*TASK TO COMPLETE:* What follows is a set of entries. Give them again exactly, without the pictures.

(Records from a data source)
-.-.-

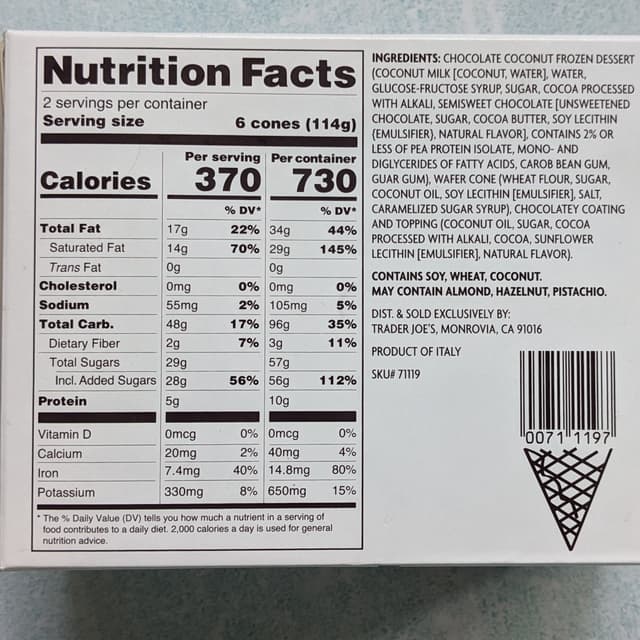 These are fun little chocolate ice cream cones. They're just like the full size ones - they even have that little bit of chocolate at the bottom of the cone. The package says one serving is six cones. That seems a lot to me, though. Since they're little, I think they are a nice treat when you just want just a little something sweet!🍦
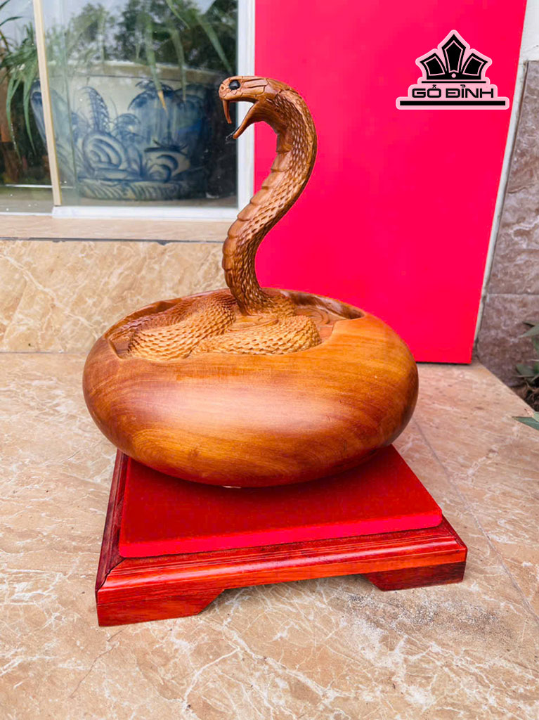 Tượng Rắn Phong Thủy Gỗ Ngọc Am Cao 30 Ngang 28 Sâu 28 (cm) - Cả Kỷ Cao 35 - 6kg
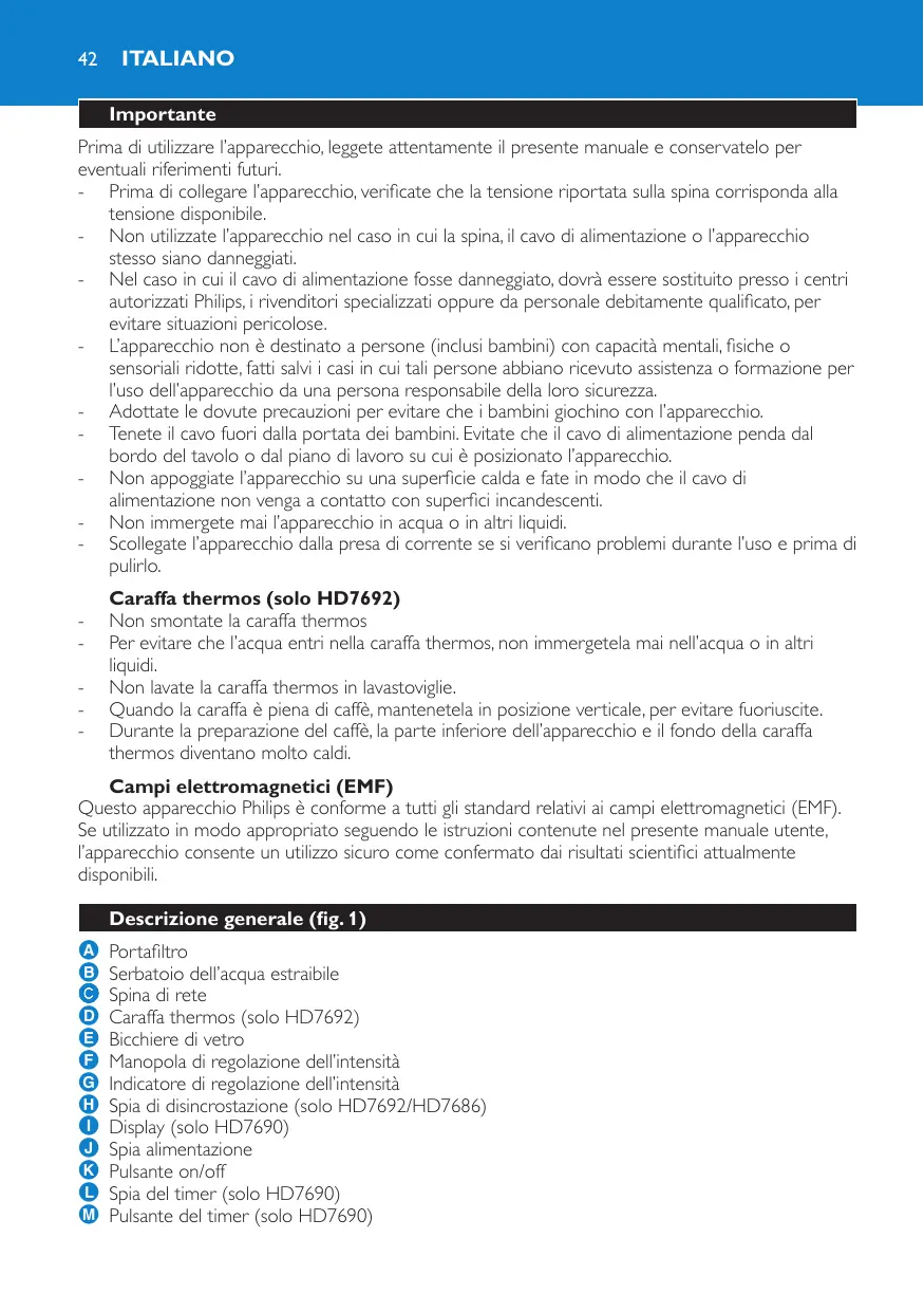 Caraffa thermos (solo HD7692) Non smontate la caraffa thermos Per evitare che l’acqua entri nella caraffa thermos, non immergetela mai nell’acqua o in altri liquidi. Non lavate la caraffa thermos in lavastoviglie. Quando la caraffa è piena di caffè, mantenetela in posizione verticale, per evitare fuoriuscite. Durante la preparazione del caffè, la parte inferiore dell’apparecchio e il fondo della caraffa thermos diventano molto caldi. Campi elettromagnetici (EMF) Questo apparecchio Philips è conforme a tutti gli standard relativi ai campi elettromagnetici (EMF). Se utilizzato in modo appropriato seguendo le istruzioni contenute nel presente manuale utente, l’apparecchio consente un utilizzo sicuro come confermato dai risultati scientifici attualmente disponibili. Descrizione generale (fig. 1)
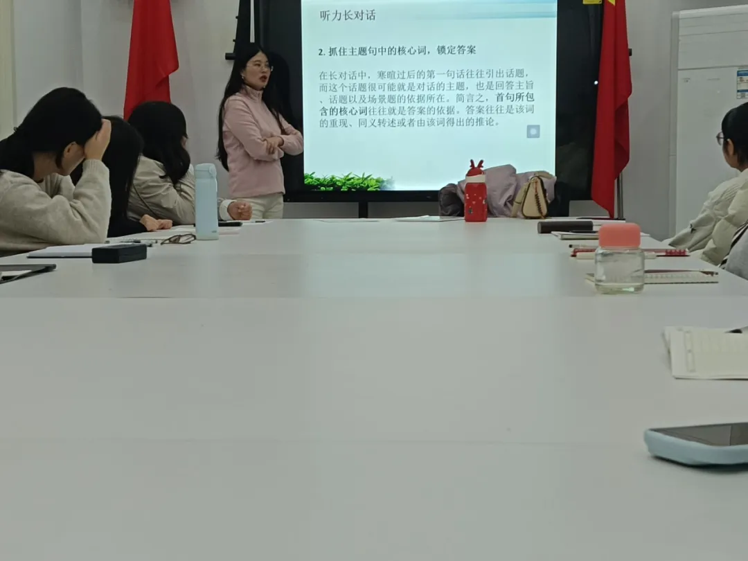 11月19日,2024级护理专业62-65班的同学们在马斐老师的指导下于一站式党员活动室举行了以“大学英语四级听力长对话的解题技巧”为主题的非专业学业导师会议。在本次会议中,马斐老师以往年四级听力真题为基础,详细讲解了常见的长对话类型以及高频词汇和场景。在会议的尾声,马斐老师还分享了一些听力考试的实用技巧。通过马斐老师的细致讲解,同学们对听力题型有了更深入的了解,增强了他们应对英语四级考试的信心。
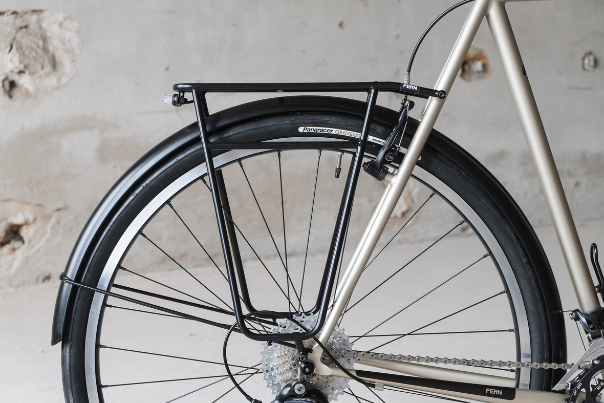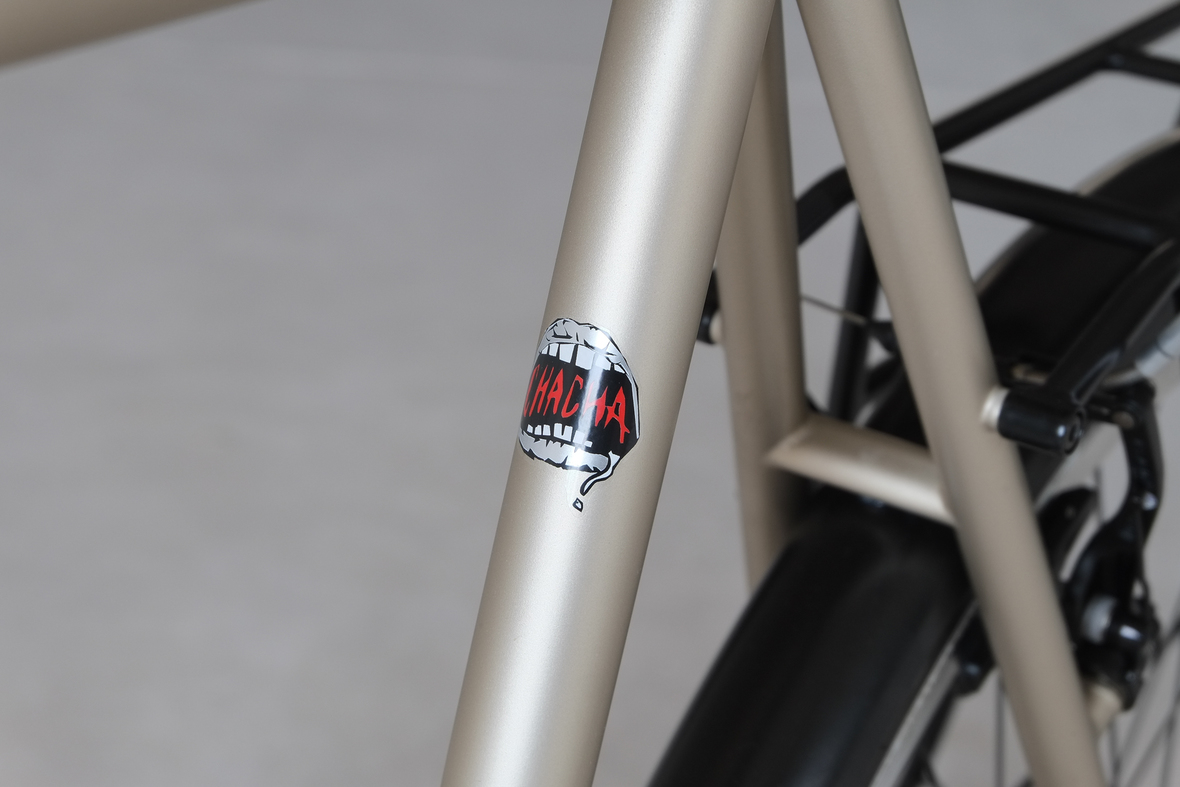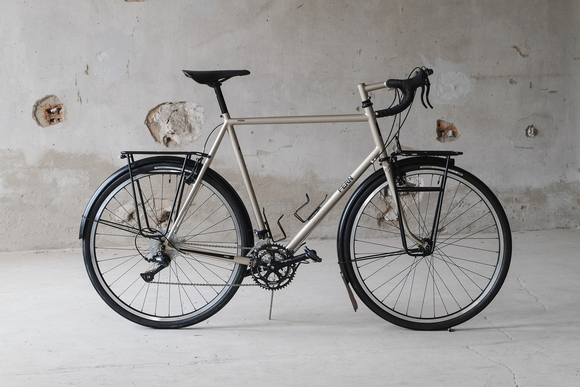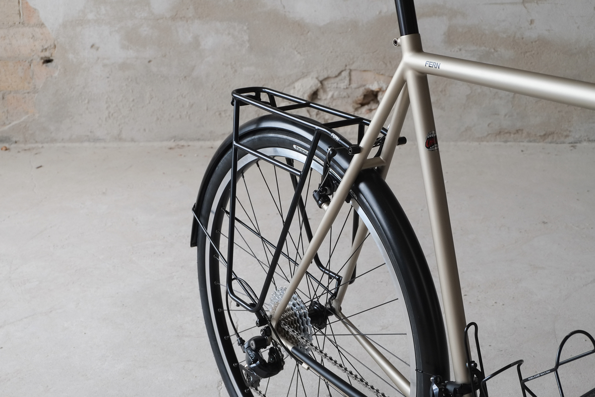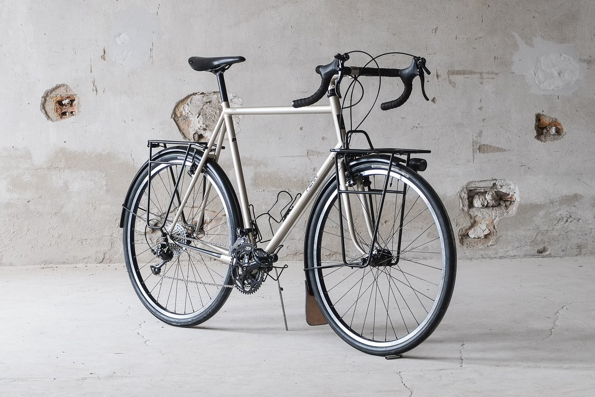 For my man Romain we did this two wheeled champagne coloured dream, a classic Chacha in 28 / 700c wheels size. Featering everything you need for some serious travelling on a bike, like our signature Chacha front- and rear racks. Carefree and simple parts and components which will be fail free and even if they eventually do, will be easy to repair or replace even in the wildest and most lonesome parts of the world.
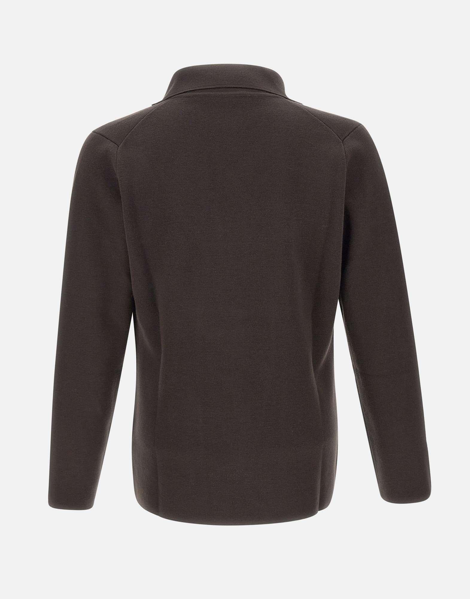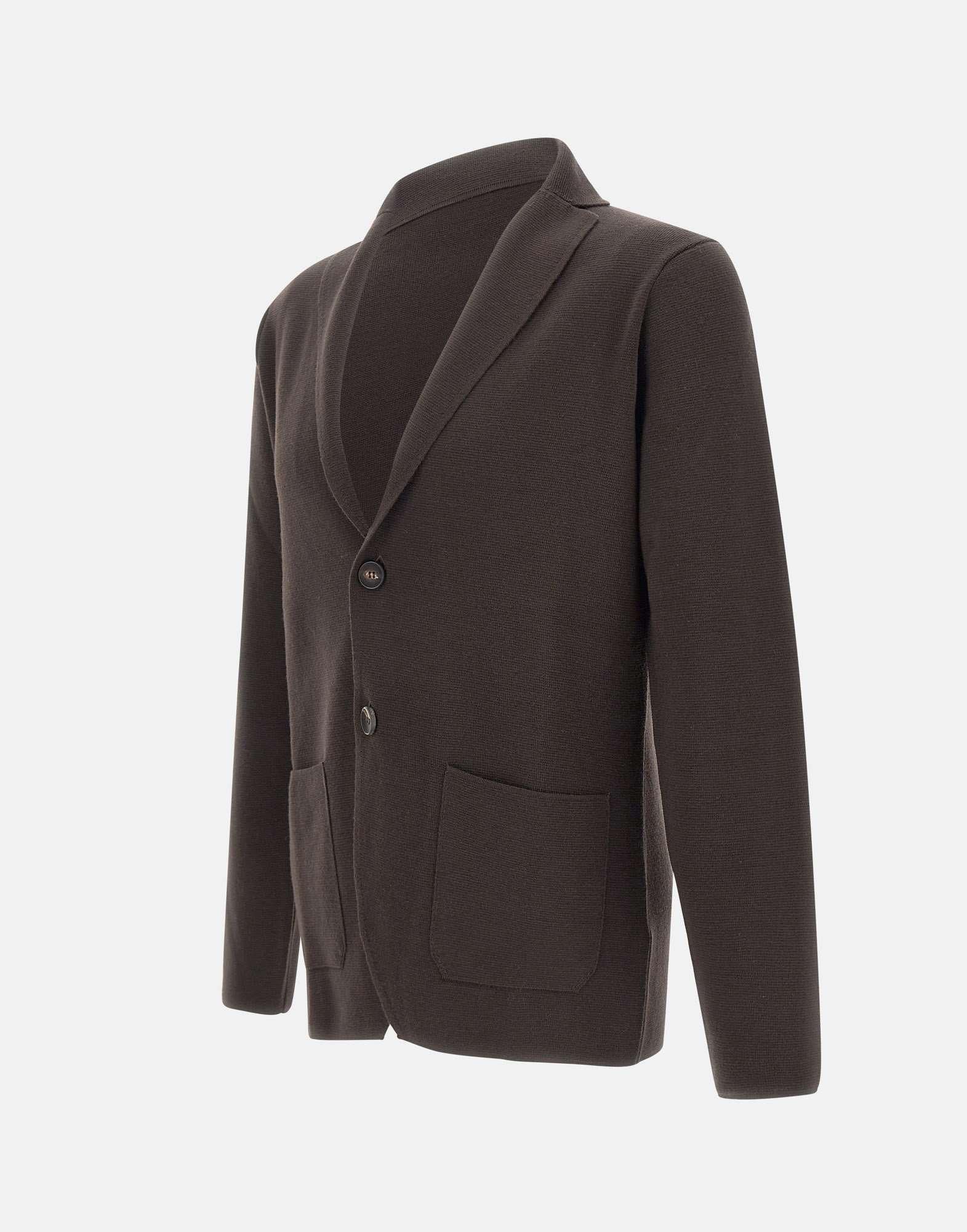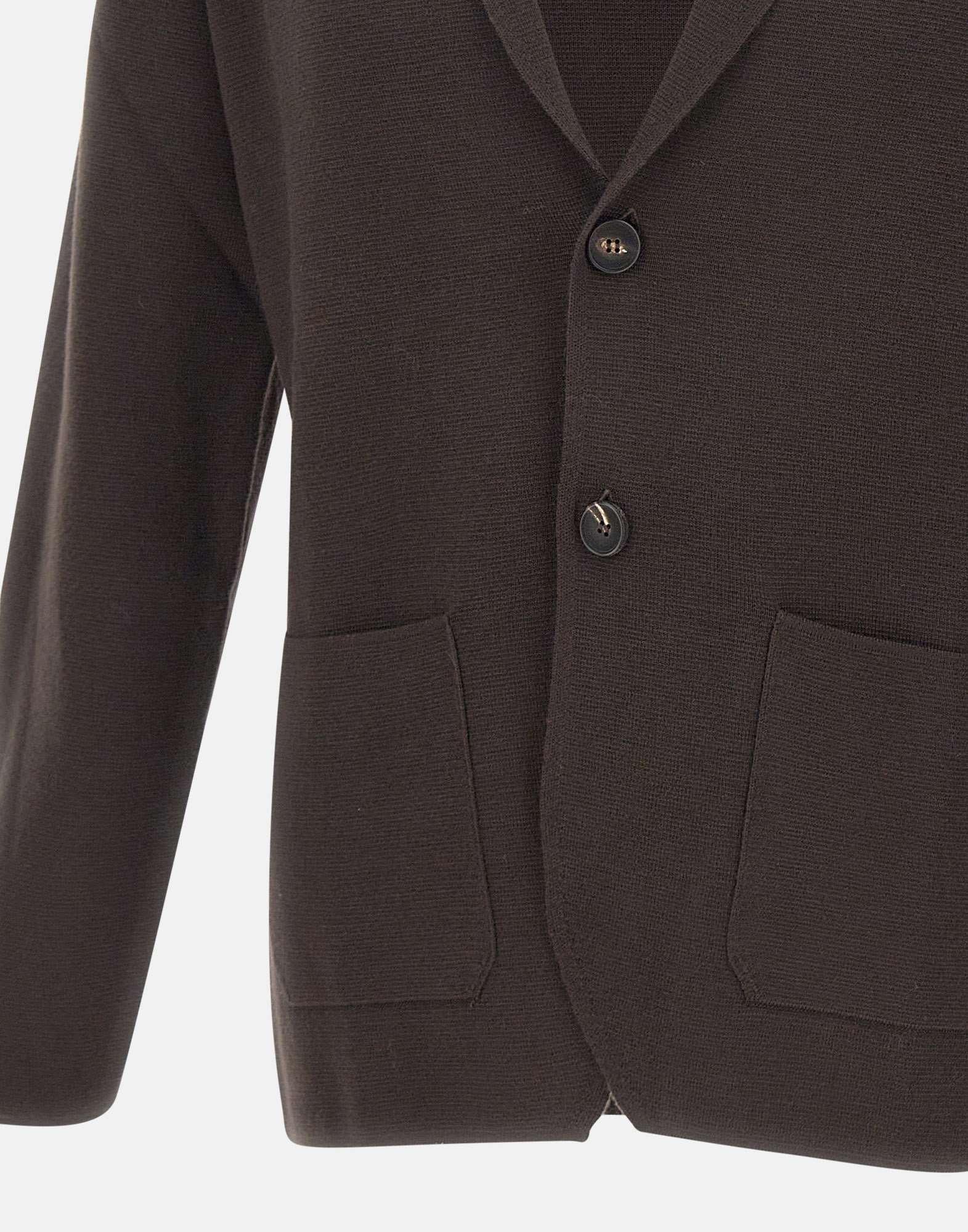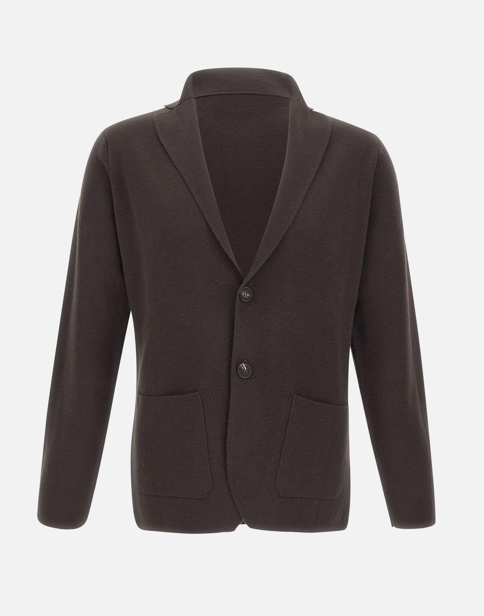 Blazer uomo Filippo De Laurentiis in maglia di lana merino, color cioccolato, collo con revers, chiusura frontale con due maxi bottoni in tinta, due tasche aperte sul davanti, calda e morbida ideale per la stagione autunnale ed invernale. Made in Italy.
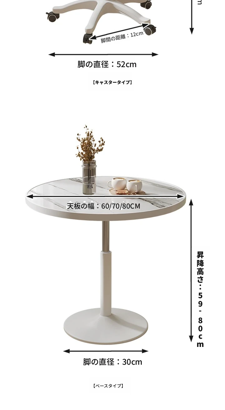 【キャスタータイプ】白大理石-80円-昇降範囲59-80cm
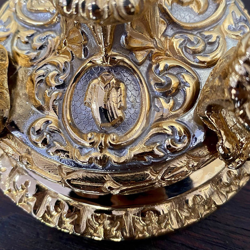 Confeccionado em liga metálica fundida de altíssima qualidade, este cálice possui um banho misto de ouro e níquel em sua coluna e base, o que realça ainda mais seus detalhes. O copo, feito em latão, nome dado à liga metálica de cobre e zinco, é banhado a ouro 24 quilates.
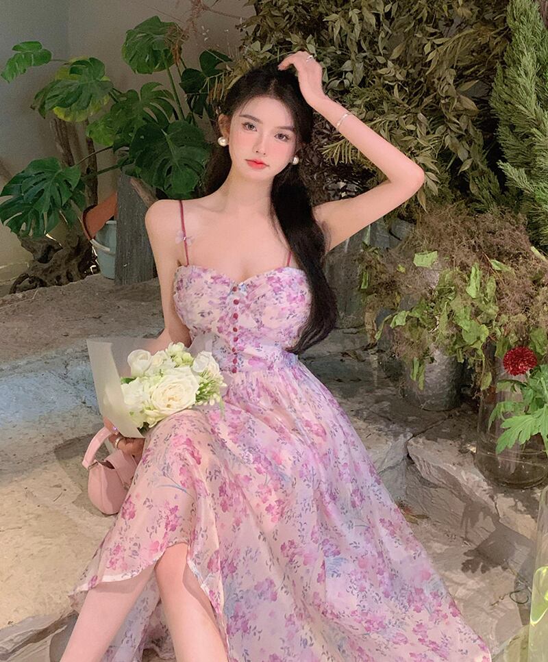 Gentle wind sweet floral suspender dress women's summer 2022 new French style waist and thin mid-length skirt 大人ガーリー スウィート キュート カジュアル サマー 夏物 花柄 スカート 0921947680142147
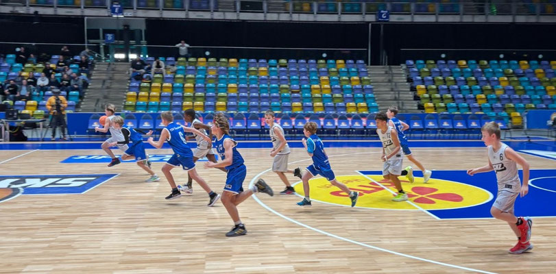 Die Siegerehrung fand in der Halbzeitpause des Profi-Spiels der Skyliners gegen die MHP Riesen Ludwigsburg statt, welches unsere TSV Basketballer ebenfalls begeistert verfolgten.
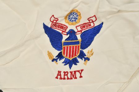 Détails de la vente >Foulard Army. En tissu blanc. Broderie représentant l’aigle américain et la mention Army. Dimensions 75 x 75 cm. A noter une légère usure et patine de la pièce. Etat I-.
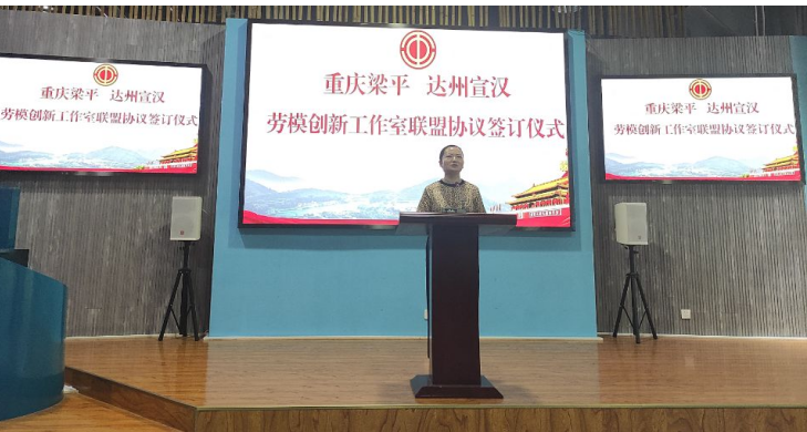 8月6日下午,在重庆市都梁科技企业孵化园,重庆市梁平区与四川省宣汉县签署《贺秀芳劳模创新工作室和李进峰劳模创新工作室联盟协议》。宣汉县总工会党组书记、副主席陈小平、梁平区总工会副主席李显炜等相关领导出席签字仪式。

-.-.-

*TASK ANSWER:*
 These are fun little chocolate ice cream cones. They're just like the full size ones - they even have that little bit of chocolate at the bottom of the cone. The package says one serving is six cones. That seems a lot to me, though. Since they're little, I think they are a nice treat when you just want just a little something sweet!🍦
 Tượng Rắn Phong Thủy Gỗ Ngọc Am Cao 30 Ngang 28 Sâu 28 (cm) - Cả Kỷ Cao 35 - 6kg
 Caraffa thermos (solo HD7692) Non smontate la caraffa thermos Per evitare che l’acqua entri nella caraffa thermos, non immergetela mai nell’acqua o in altri liquidi. Non lavate la caraffa thermos in lavastoviglie. Quando la caraffa è piena di caffè, mantenetela in posizione verticale, per evitare fuoriuscite. Durante la preparazione del caffè, la parte inferiore dell’apparecchio e il fondo della caraffa thermos diventano molto caldi. Campi elettromagnetici (EMF) Questo apparecchio Philips è conforme a tutti gli standard relativi ai campi elettromagnetici (EMF). Se utilizzato in modo appropriato seguendo le istruzioni contenute nel presente manuale utente, l’apparecchio consente un utilizzo sicuro come confermato dai risultati scientifici attualmente disponibili. Descrizione generale (fig. 1)
 11月19日,2024级护理专业62-65班的同学们在马斐老师的指导下于一站式党员活动室举行了以“大学英语四级听力长对话的解题技巧”为主题的非专业学业导师会议。在本次会议中,马斐老师以往年四级听力真题为基础,详细讲解了常见的长对话类型以及高频词汇和场景。在会议的尾声,马斐老师还分享了一些听力考试的实用技巧。通过马斐老师的细致讲解,同学们对听力题型有了更深入的了解,增强了他们应对英语四级考试的信心。
 For my man Romain we did this two wheeled champagne coloured dream, a classic Chacha in 28 / 700c wheels size. Featering everything you need for some serious travelling on a bike, like our signature Chacha front- and rear racks. Carefree and simple parts and components which will be fail free and even if they eventually do, will be easy to repair or replace even in the wildest and most lonesome parts of the world.
 Blazer uomo Filippo De Laurentiis in maglia di lana merino, color cioccolato, collo con revers, chiusura frontale con due maxi bottoni in tinta, due tasche aperte sul davanti, calda e morbida ideale per la stagione autunnale ed invernale. Made in Italy.
 【キャスタータイプ】白大理石-80円-昇降範囲59-80cm
 Confeccionado em liga metálica fundida de altíssima qualidade, este cálice possui um banho misto de ouro e níquel em sua coluna e base, o que realça ainda mais seus detalhes. O copo, feito em latão, nome dado à liga metálica de cobre e zinco, é banhado a ouro 24 quilates.
 Gentle wind sweet floral suspender dress women's summer 2022 new French style waist and thin mid-length skirt 大人ガーリー スウィート キュート カジュアル サマー 夏物 花柄 スカート 0921947680142147
 Die Siegerehrung fand in der Halbzeitpause des Profi-Spiels der Skyliners gegen die MHP Riesen Ludwigsburg statt, welches unsere TSV Basketballer ebenfalls begeistert verfolgten.
 Détails de la vente >Foulard Army. En tissu blanc. Broderie représentant l’aigle américain et la mention Army. Dimensions 75 x 75 cm. A noter une légère usure et patine de la pièce. Etat I-.
 8月6日下午,在重庆市都梁科技企业孵化园,重庆市梁平区与四川省宣汉县签署《贺秀芳劳模创新工作室和李进峰劳模创新工作室联盟协议》。宣汉县总工会党组书记、副主席陈小平、梁平区总工会副主席李显炜等相关领导出席签字仪式。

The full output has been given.